▶ **INPUT RECORDS**:
--- START ---

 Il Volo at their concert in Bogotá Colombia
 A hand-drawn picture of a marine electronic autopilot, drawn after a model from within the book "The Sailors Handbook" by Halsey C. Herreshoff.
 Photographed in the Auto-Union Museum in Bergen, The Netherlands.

--- END ---
--- START ---

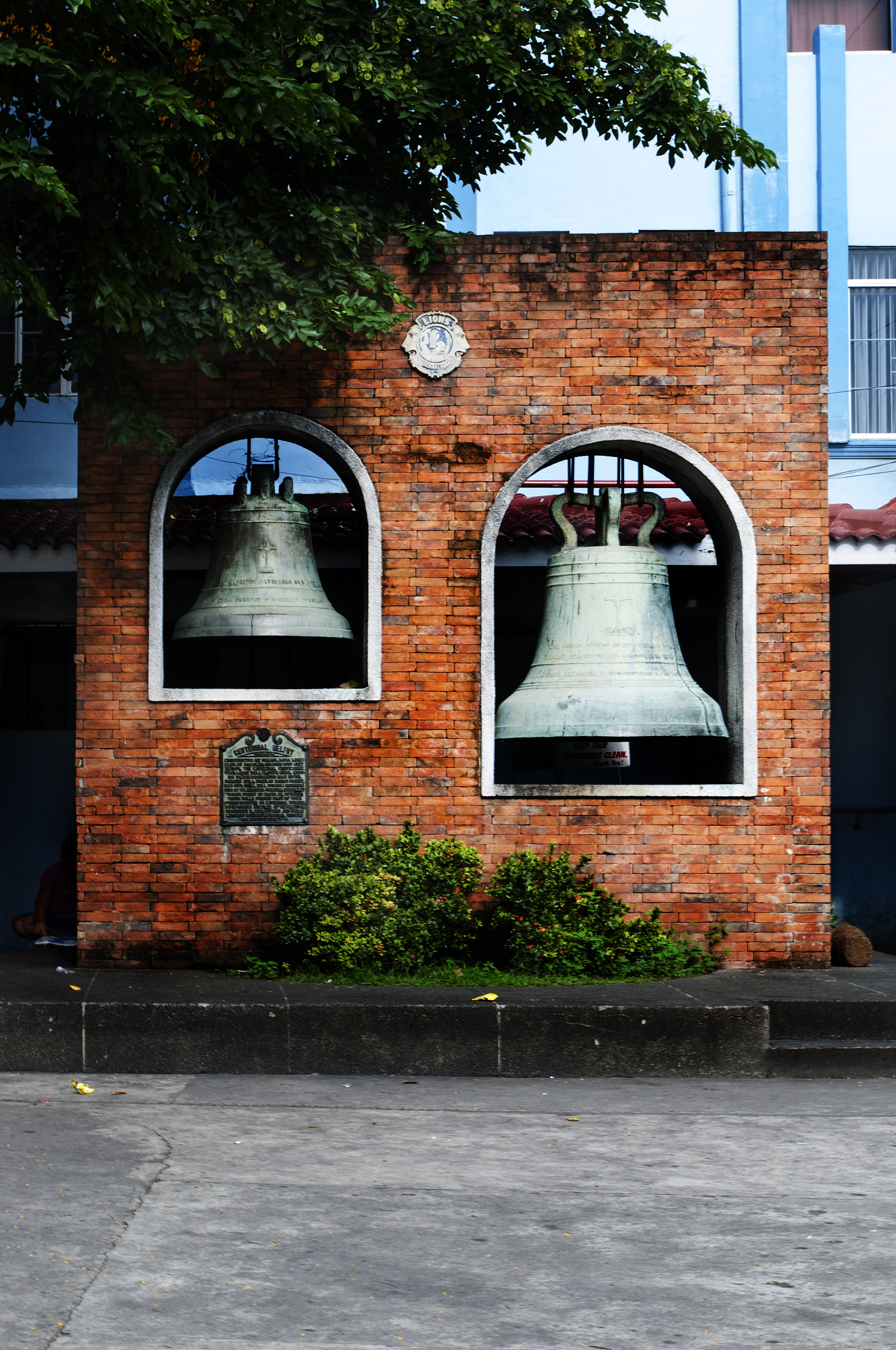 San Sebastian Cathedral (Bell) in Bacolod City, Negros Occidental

--- END ---

▶ **TASK TO COMPLETE**: What are the lines, exactly as written above, from the line with "Il Volo at their concert in Bogotá Colombia" to the line with "Photographed in the", both included? Output only those.

▶ **EXERCISE RESULT**:
 Il Volo at their concert in Bogotá Colombia
 A hand-drawn picture of a marine electronic autopilot, drawn after a model from within the book "The Sailors Handbook" by Halsey C. Herreshoff.
 Photographed in the Auto-Union Museum in Bergen, The Netherlands.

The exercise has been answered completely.